→ EXERCISE DESCRIPTION
Drop the pictures and repeat exactly from the "Ia menggunakan motor" line down to the last line of the entries below.

Items listed in a dataset:
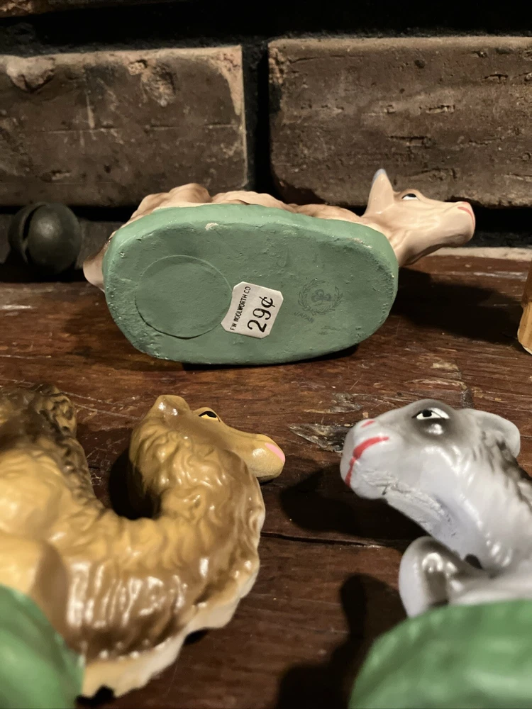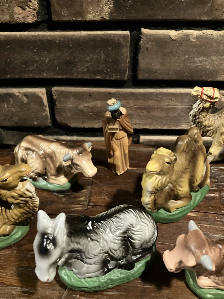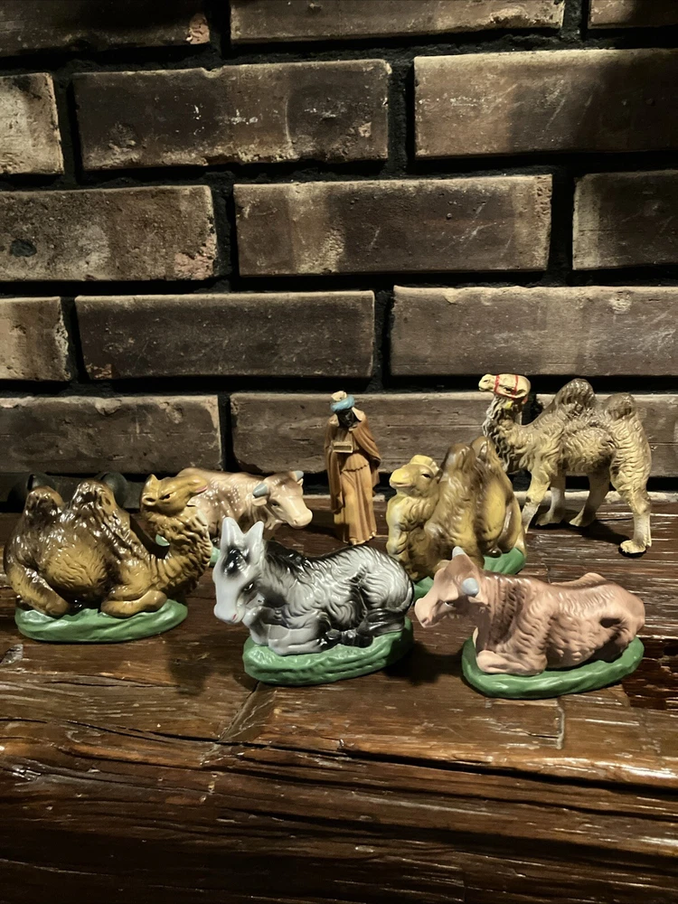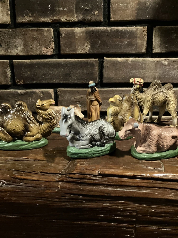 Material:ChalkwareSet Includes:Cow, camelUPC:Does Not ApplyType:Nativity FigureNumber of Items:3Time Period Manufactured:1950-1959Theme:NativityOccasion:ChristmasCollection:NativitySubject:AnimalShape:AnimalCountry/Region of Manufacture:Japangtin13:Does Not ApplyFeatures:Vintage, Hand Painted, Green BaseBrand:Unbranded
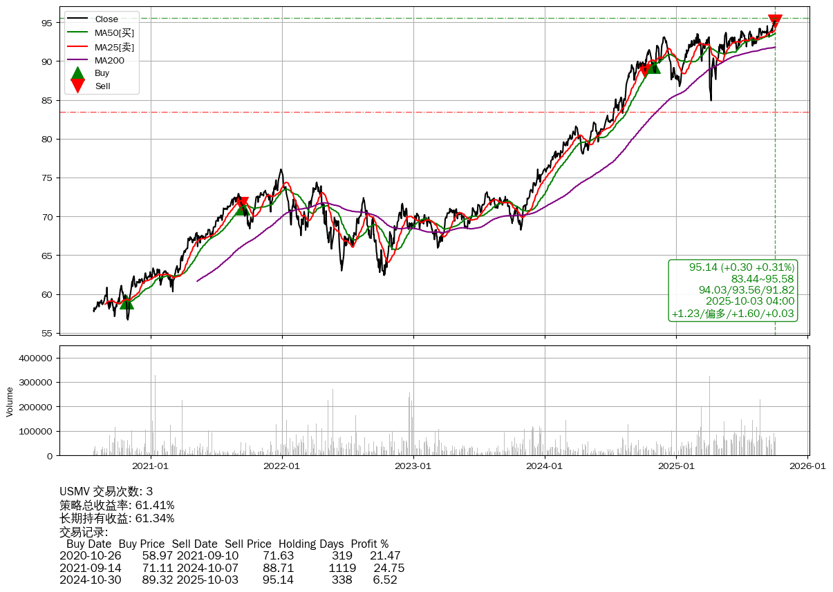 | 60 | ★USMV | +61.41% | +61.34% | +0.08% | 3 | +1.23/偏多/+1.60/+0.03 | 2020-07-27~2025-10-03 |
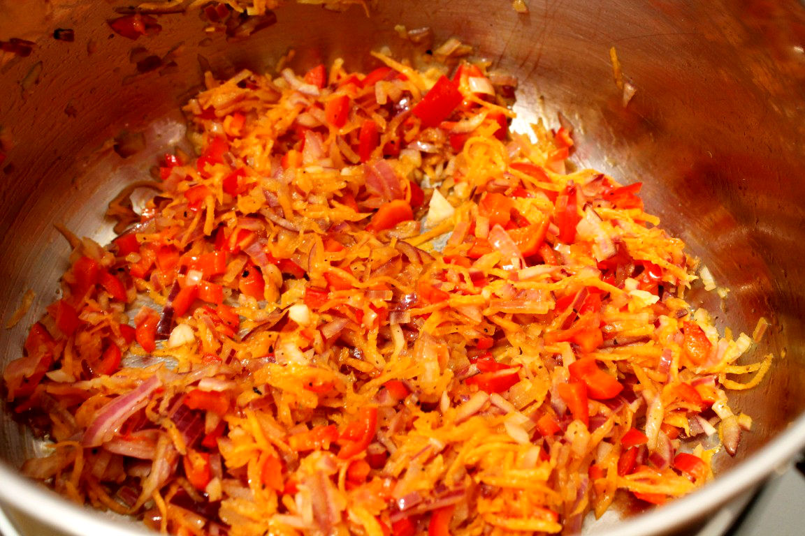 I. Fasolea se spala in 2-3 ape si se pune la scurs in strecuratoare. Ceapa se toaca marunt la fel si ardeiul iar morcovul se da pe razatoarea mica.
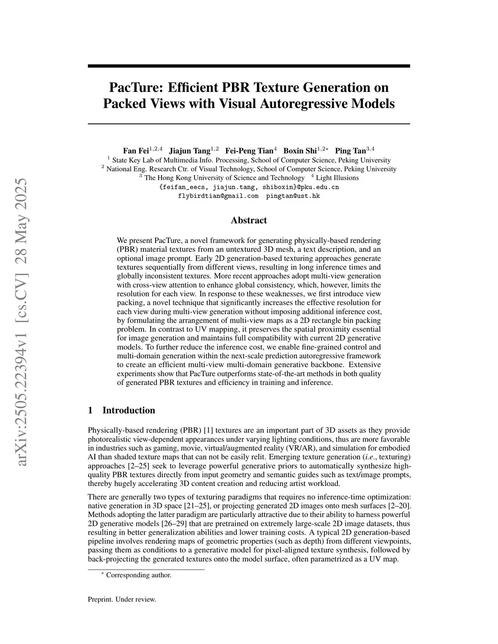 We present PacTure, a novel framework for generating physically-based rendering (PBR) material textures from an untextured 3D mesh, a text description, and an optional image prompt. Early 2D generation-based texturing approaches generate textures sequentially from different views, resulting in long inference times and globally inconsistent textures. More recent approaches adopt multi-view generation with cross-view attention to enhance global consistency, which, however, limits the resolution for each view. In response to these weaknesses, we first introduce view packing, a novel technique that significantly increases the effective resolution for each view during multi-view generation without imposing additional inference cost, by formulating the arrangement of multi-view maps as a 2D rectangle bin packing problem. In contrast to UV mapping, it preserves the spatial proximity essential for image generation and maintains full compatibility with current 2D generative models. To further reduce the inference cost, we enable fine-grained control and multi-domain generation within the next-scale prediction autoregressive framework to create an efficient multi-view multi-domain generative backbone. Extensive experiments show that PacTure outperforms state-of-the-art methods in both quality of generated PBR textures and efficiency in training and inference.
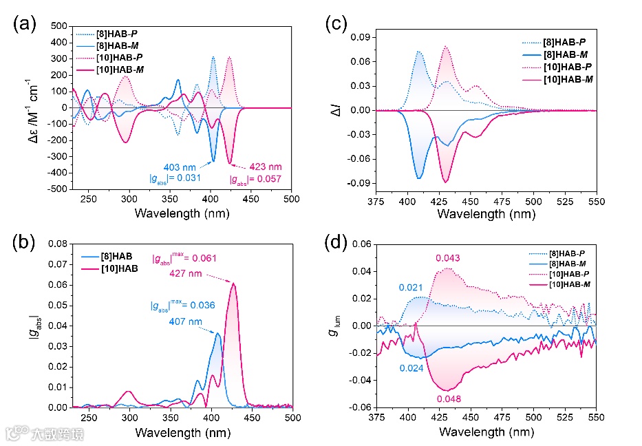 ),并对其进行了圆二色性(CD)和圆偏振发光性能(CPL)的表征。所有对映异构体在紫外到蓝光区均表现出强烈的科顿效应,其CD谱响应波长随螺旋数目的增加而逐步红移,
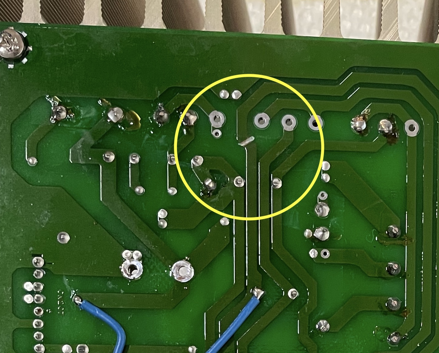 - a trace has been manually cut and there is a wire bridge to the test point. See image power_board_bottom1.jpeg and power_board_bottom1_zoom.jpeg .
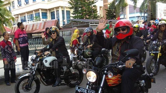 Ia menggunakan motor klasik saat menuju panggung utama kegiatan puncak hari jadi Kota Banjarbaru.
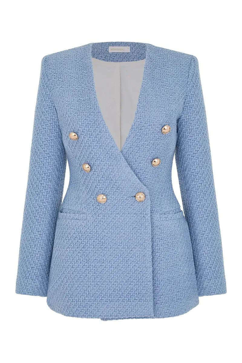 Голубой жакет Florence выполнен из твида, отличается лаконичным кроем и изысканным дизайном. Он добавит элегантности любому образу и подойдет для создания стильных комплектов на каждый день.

→ TASK ANSWER
 Ia menggunakan motor klasik saat menuju panggung utama kegiatan puncak hari jadi Kota Banjarbaru.
 Голубой жакет Florence выполнен из твида, отличается лаконичным кроем и изысканным дизайном. Он добавит элегантности любому образу и подойдет для создания стильных комплектов на каждый день.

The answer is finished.